BT Business
- Company type: Division
- Industry: Telecommunications
- Predecessor: BT Retail; BT Business;
- Successor: BT Enterprise
- Headquarters: One Braham, London, United Kingdom
- Area served: United Kingdom Republic of Ireland
- Products: Fixedline telephony Mobile telephony Broadband internet IT services
- Parent: BT Group
- Website: www.bt.com/business

= BT Business and Public Sector =

Retail division of BT Group

BT Business and Public Sector was a division of United Kingdom telecommunications company BT Group that provided fixed-line, mobile, broadband and IT services to businesses (predominantly small and medium-sized enterprises) and the public sector in the UK and Ireland. It bought many of its services from BT's other divisions: EE, BT Global Services, BT Wholesale and Openreach. It also sold other vendors' products and services such as the Avaya IP Office business telephone system.

In April 2018, Gavin Patterson, then BT Group's CEO, announced Wholesale and Ventures was to be combined with the group's Business and Public Sector division into a newly-formed division, BT Enterprise. It came after BT's decision to undertake a streamlining of its operations, in a bid to strengthen its offerings as a business.

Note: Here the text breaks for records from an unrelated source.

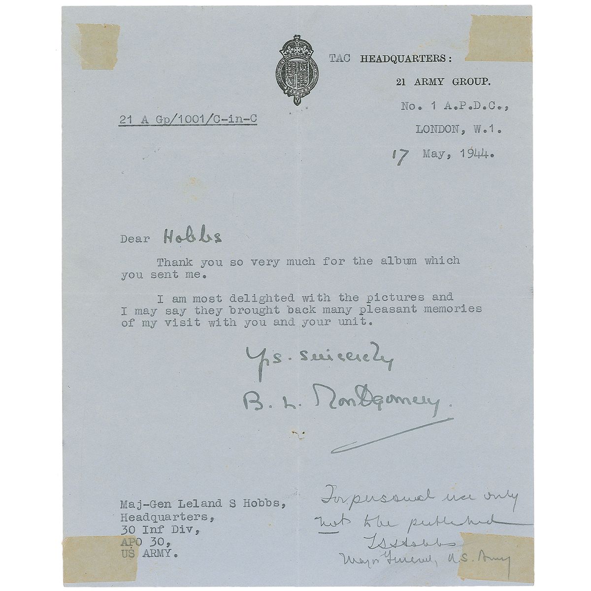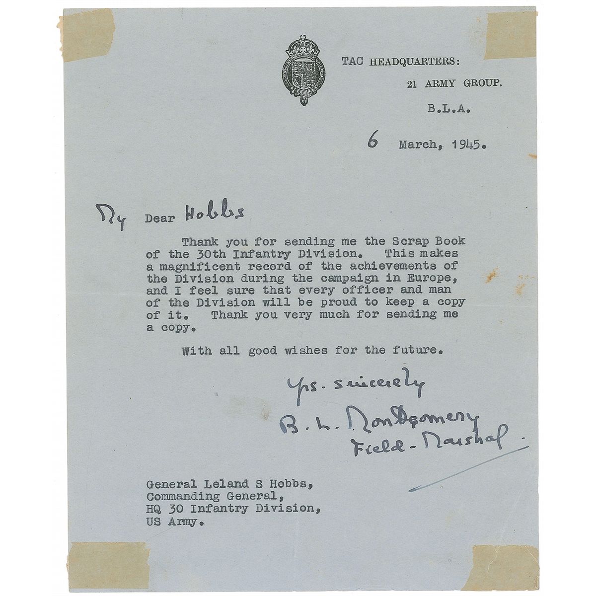Two war-dated TLSs, each signed, “B. L. Montgomery,” adding “Field-Marshall,” under one signature, one-page each, 6.25 x 8, TAC Headquarters stationery, dated 1944 and 1945. Both letters are to General Leland Hobbs. One letter reads, in part: “Thank you for sending me the Scrap Book of the 30th Infantry Division. This makes a magnificent record of the achievements of the Division during the campaign in Europe, and I feel sure that every officer and man of the Division will be proud to keep a copy of it.” In very good condition, with central horizontal and vertical folds, old tape toning to corners, and a pencil notation to bottom of one letter.
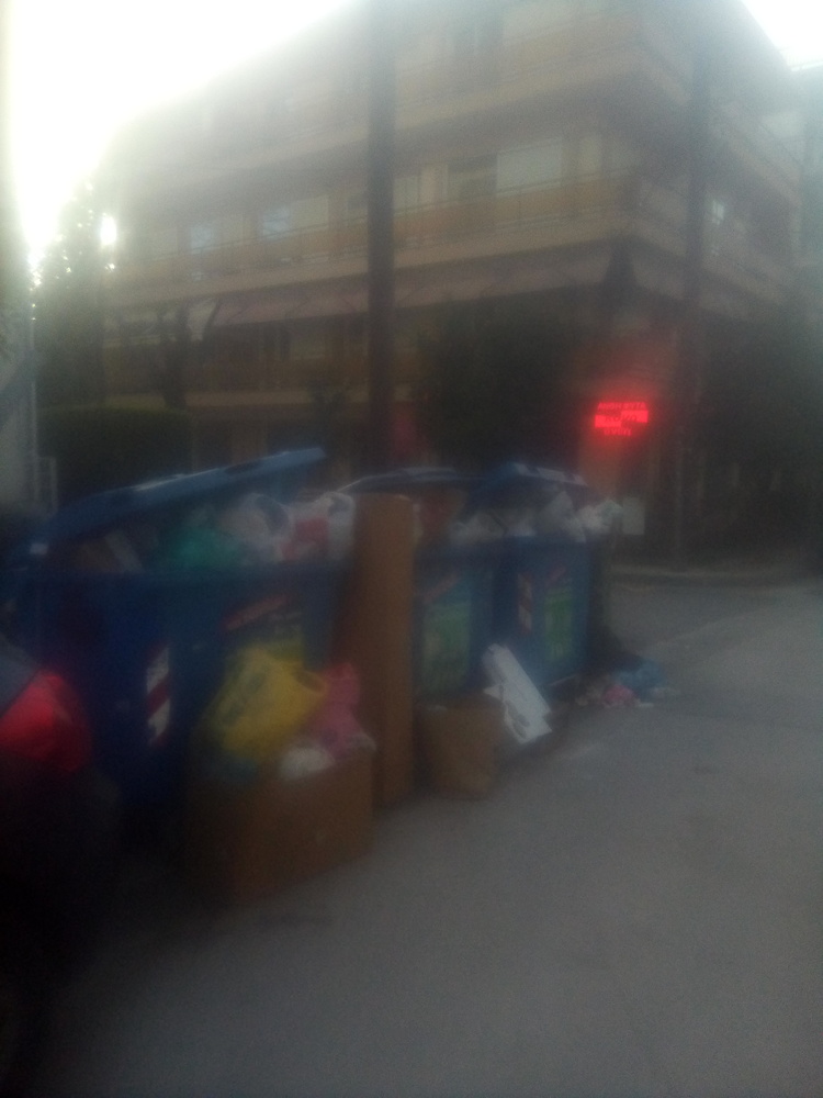 Σας έχω αναφέρει εδώ και 6 μήνες την εικόνα που παρουσιάζει η γωνια Νίκαιας και Χάλκης από Παρασκευή έως Δευτέρα λόγω μη αποκομιδής των απορριματων και μου απαντήσατε ότι ο επόπτης τα βρήκε όλα εντάξει.Σας στέλνω και φωτογραφίες.Ετσι εννοεί την καθαριότητα ο δήμος;Σκοπεύετε να κάνετε αποκομιδή τα σαββατοκύριακα η προτιμάτε να μοιράζετε φασολάδες τα κούλουμα;Είναι θέμα πολιτισμού και δημόσιας υγείας.
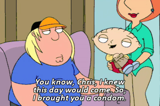 You know, Chris, I knew this day would come. So, I brought you a condom.
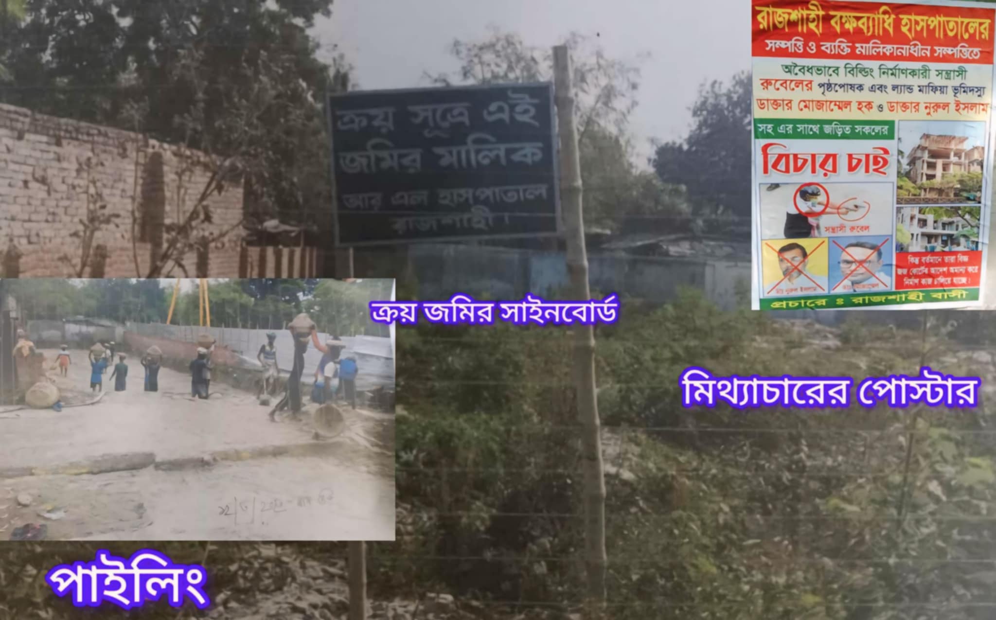 জানা গেছে, চিকিৎসক নুরুল ইসলাম ও মোজাম্মেল হকসহ আরও কয়েকজন চিকিৎসক মিলে উক্ত জায়গাটি ক্রয় করেন তাঁরা। ক্রয়ের পর থেকে সাইনবোর্ড দেওয়া পাইলিং করাসহ অন্যান্য কাজের আগেও কেউ ওই জমির মালিক বা অংশিদার দাবি না করলেও বাড়ী তৈরির ৮০ শতাংশ হওয়ার পর একটি মহল শুধুমাত্র হয়রানির লক্ষ্যে বাঁধা সৃষ্টি করছেন। খাজনা- খারিজসহ সরকারি দপ্তরে সকল কাজ সম্পূর্ণ হওয়ার পর কেনো তারা এমন অভিযোগ তুলছেন তা তাঁদের বোধগম্য নয়। বিষয়টি নিয়ে মামলা চলার পরও শুধুমাত্র সম্মানহানির লক্ষ্যে একটি নির্দিষ্ট গোষ্ঠী জমির বিষয়টিকে ভিন্নখাতে নেওয়ার অপচেষ্টা করছেন বলে জানা গেছে। চক্রটি আইনি লড়াইয়ে কোনো সুবিধা না করতে পেরে এখন রাজনৈতিক অন্য ঘটনার সঙ্গে জড়িয়ে সারা শহর মিথ্যাচার করে পোস্টার লাগিয়ে বেড়াচ্ছেন।

Prior to its merger with Wholesale and Ventures, Business and Public Sector was formerly known as BT Business that was established alongside BT Consumer following a two-way split from former division, BT Retail in 2013 to allow BT to "better serve its customers and focus even more on delivering its strategic priorities". It took on the business operations of BT Retail that involved the merging of BT Business, BT Enterprises and BT Ireland while BT Wi-fi (part of BT Enterprises) and the consumer part of BT Ireland transferred to BT Consumer. It took on its current name following BT's new organisational structure that took effect in April 2016 after its acquisition of EE, and comprises the existing BT Business division along with EE's business division and those parts of BT Global Services that are UK focused.

==Products==

BT Business provides the following products as of 28 January 2016:

===Voice===
- Phone lines and featurelines
- Voice over IP (VoIP) services
- On-premises phone systems
- ISDN - provides high-performance voice and data services
- Conferencing - audio, web and video conferencing
- Business numbers
- Payphone services
- BT One Phone
- Trading turret systems
  - Key competitors are IPC Systems and Cloud9

===Mobile===

- Mobile phone contracts
- SIM-only contracts
- Tablet contracts
- BT One Phone

===Broadband===

- BT Broadband - provides standard broadband
- BT Infinity - provides fibre-optic broadband
- Mobile broadband - provides data allowance, hardware and tablet options
- BTnet Leased Lines - provides leased lines to access the internet

===IT services===

====Networking====
- Ethernet VPN
- Ethernet Point-to-Point (P2P) - extends LAN across local sites without compromising on performance or security
- IP Connect - connects multiple sites and/or simplifies communications to a single private IP VPN
- Managed WAN - connects your sites to each other on a virtual private network

====Computing & Apps====
- Microsoft Office 365 - a cloud-based version of Microsoft Office
- Enhanced IT Support - a 24/7 remote IT support service
- Web hosting - create and manage websites to be accessible via the World Wide Web
- Domain registration - provides the facility to purchase and manage domain names
- BT Buynet/SafePay - a payment reconciliation with real-time authorisation, daily settlement, and easy-to-understand reporting
- BT eShop - provides various tools for the creation and management of your own online shop

====Bring Your Own Device====
Bring Your Own Device (BYOD) allows employees to use their own devices.

====BT PC Security====
BT PC Security is a complete internet security and antivirus protection suite, in association with McAfee.

====Cloud & Data Centre Solutions====
Cloud & Data Centre Solutions provides a range of server technology, software and platforms.